Jonathan and I have been married almost 15 years now, and I can honestly say being married to him is the best thing that has ever happened to me. We were friends first, then fell madly in love our senior year of high school. Even our first year of marriage – considered by some to be quite difficult – was pure bliss. And I can honestly say that every year after that has grown more joyful and more intimate. This is not to say, however, that we haven’t ever struggled.
I’ve shared before about two of the major struggles in my marriage. I’ve talked about how I didn’t want to move overseas in the first place and how Jonathan and I were at an impasse until God got a hold of me. I’ve also shared my struggle to believe God loves me as much as my husband, since he seemed to have so many more gifts than I have.
There is another difficult season in my marriage that I’ve never discussed online. The two stories I mentioned earlier represent enormous works God wanted to do in my heart and in my spirit. They also had enormous implications in the way I lived everyday life alongside my husband. The struggle I’m going to talk about today might seem more earthy than spiritual, but it still looms quite large in the landscape of my memory.
Some of you know we served in youth ministry in the States for 10 years. At one point we lived in a Parsonage next door to the church building, and we hosted summer youth meetings in our house. Initially we only invited juniors and seniors to our house on Tuesday nights for Bible study, and I thoroughly enjoyed it. Later we started hosting all ages in our house every Wednesday night during the summer. And every Wednesday night without fail, teenagers trashed my house.
This went on for two whole summers. My house was a disaster every Wednesday night, and I had a breakdown every Wednesday night. Jonathan and I could not see eye to eye on this issue and often fought over it. He felt we needed to have the teens in our home, and that I needed to want to have them in our home, and that furthermore, he believed the teens would perceive my reluctance to welcome them into our home, so I needed to check my attitude.

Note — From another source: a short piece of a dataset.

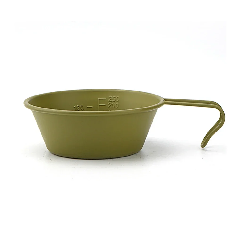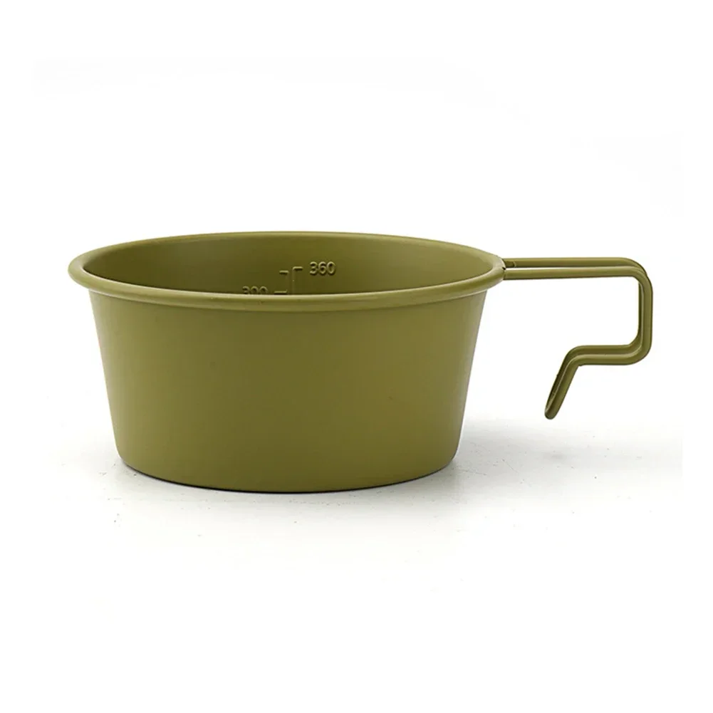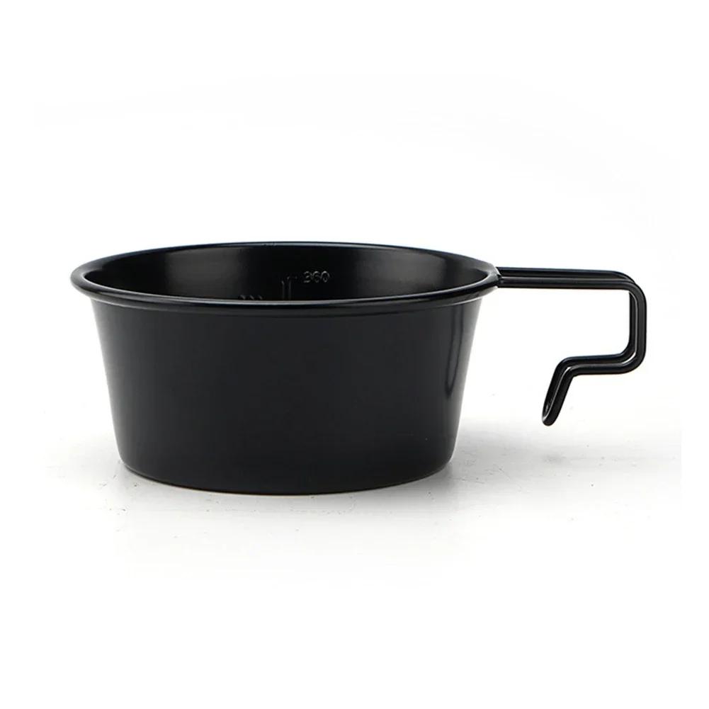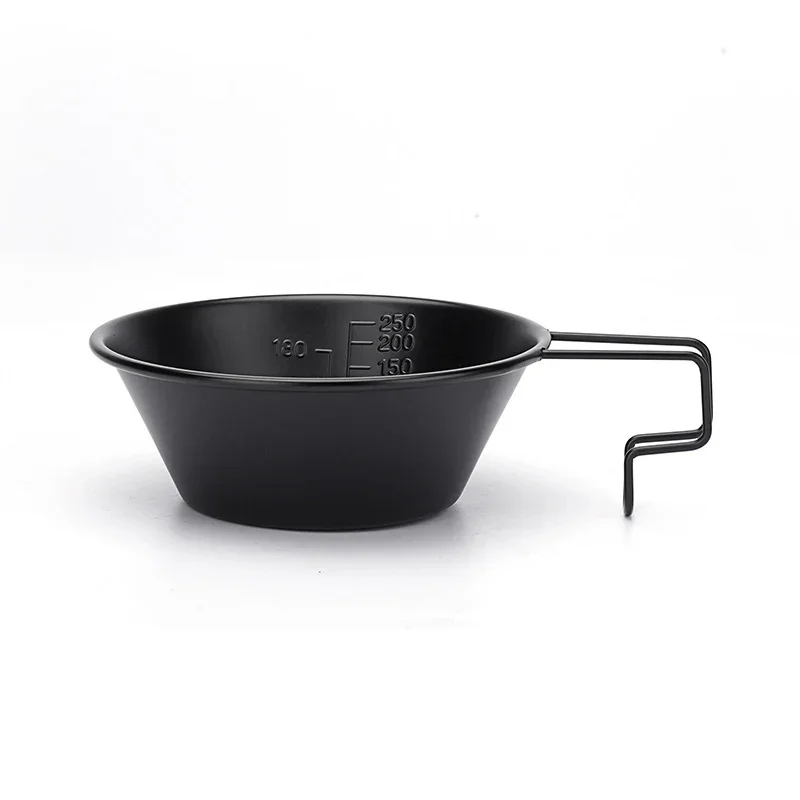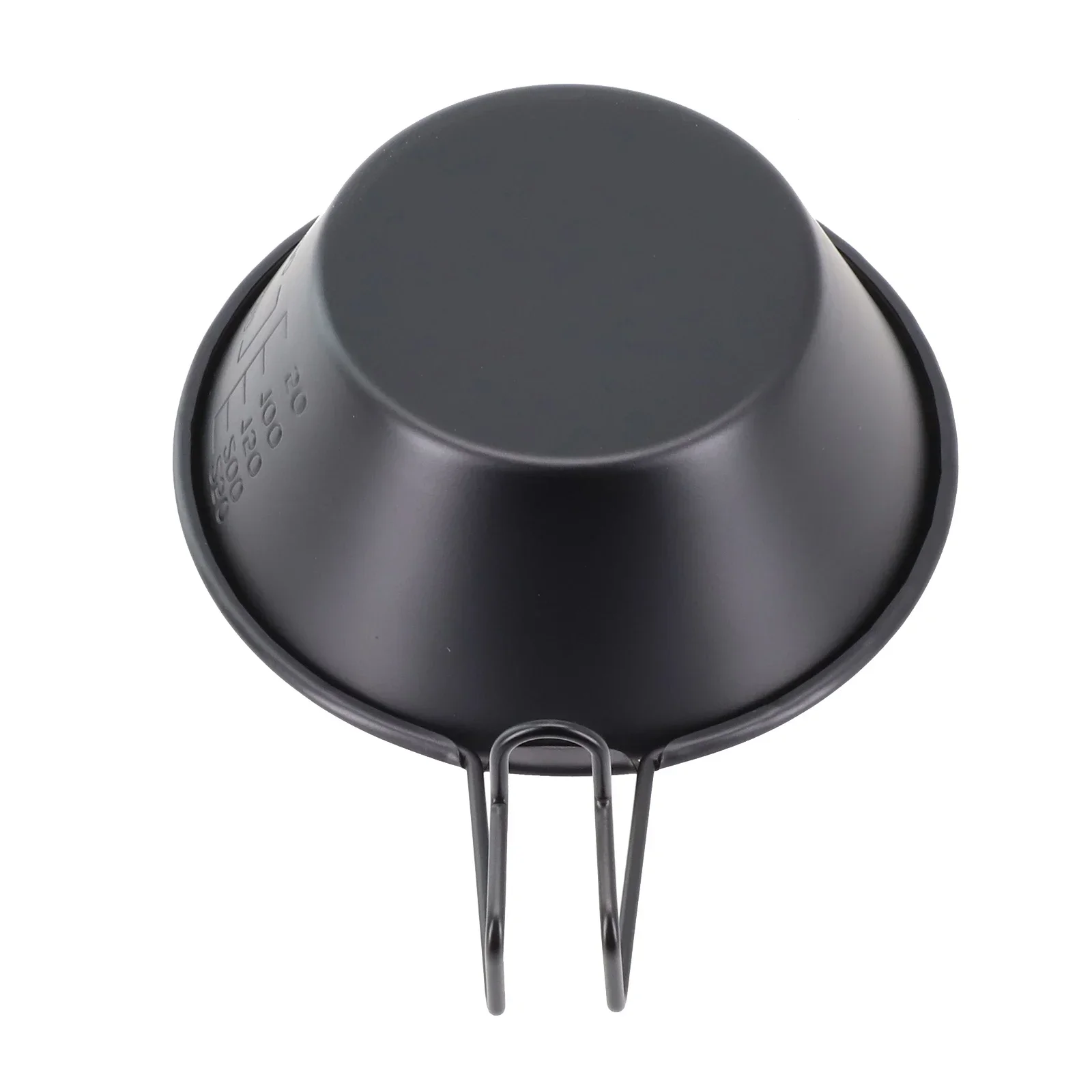 Experience the convenience and durability of this this portable camping bowl, expertly crafted from high-quality 304 stainless steel with a 0.5mm thick wall. Its sleek matte finish and minimalist design make it both stylish and practical for outdoor cooking, camping, or even home use. The bowl features vibrant color options like deep black or muted green, adding a touch of style to your outdoor gear. Its rounded, slightly conical shape with a smooth, curved rim ensures comfortable handling and pouring. The ergonomic handle, matching the bowl's color, extends outward and bends downward into a hook, making storage effortless. Inside, measurement scales allow precise ingredient or liquid measurement, perfect for cooking and outdoor activities. Its lightweight and compact design ensure portability and easy cleaning, ready to accompany your next adventure.

This, as you can imagine, led to lots of stress in our marriage. I wasn’t confident enough to instruct the teens how to throw trash in the trash cans or how to avoid spilling coke all over my white living room carpet. I’m more confident now and would be able to teach teenagers in that way, but I was too intimidated back then. (Also I was much more uptight about cleanliness when I only had two kids as opposed to now, with four.) I just wanted my husband to kick the teenagers out; I wanted him to do it for me. At the same time I felt an intense pressure to let them in my house every Wednesday, or else I’d be a “bad ministry wife.”

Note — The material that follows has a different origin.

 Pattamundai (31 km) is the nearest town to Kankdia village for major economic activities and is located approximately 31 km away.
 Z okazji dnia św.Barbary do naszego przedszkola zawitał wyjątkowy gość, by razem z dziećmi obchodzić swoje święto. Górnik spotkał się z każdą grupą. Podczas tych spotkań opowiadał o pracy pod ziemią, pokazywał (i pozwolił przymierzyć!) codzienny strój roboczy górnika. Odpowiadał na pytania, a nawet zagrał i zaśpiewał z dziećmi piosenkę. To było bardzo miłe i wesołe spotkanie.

Conflict can happen, even when you’re married to your best friend, even when you are absolutely convinced he’s the only one for you, even when you love practically everything about him. We shouldn’t be surprised when we have disagreements with our spouses. We’re different people, and we’ll see the world differently. And when we feel our own point of view so strongly, it can be difficult to imagine someone else’s point of view.
For any of my old darling youth group members who may be reading here today, please know I love you. And I want you to know I miss you all so dreadfully. I’m recounting a problem that was mine, not yours. Probably any of you who still like me enough to read my blog wouldn’t have been the ones tearing it apart in the first place, but either way, it doesn’t matter. This conflict wasn’t about you.

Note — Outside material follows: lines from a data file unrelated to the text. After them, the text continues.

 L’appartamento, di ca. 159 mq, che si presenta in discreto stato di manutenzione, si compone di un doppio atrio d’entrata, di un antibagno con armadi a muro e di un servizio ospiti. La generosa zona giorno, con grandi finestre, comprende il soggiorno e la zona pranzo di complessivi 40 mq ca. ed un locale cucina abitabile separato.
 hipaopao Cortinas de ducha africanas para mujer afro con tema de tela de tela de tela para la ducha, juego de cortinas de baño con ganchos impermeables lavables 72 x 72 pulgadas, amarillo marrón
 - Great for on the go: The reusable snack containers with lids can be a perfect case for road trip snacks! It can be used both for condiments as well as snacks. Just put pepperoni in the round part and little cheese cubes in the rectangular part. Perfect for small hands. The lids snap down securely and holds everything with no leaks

Two years and many, many fights later, we finally got creative in our problem-solving. We finally thought outside the box. This wasn’t either/or. It wasn’t: have them at our house, or they won’t feel the love. It wasn’t: have them at our house, or I’m a failure. It was: let’s have them at our house and not in. We didn’t cancel Wednesday nights at the Parsonage. Instead, we invited teens into our yard (but outside our house).
We gathered around the fire pit for hot dogs and marshmallows, for long chats and pyromaniac adventures. We played volleyball with the teenagers and let all the youth volunteers’ kids play in our kiddie pool. We swung on the bag swing and climbed up the rope on the oak tree. And it was a great compromise. It was hotter outside than in, that’s for sure, but my husband didn’t have to give up teens at his house, and I didn’t have to give up my sanity, my privacy, or my clean house.
I share this story to illustrate that compromises around ministry stressors are possible. For a long time, I saw the problem one way, and Jonathan saw it another way, and as long as we did that, there was no meeting in the middle. We had to get desperate enough to think about things in a different way, desperate enough try something new. I’m such a black and white thinker that our eventual solution never occurred to me (or my husband). In the end he must have figured he had to do something about his unhappy wife, no matter the ministry cost.
Now I look back and think how silly we were that we couldn’t find a compromise sooner. At the time, though, it didn’t feel silly at all. It felt deadly serious, as I’m sure all marriage conflicts do at the time. It took me a long time, but it was a good lesson to learn: sometimes there’s a solution that isn’t either/or. Sometimes there’s a solution that meets both spouses’ needs at the same time. Sometimes we just need to consider other options.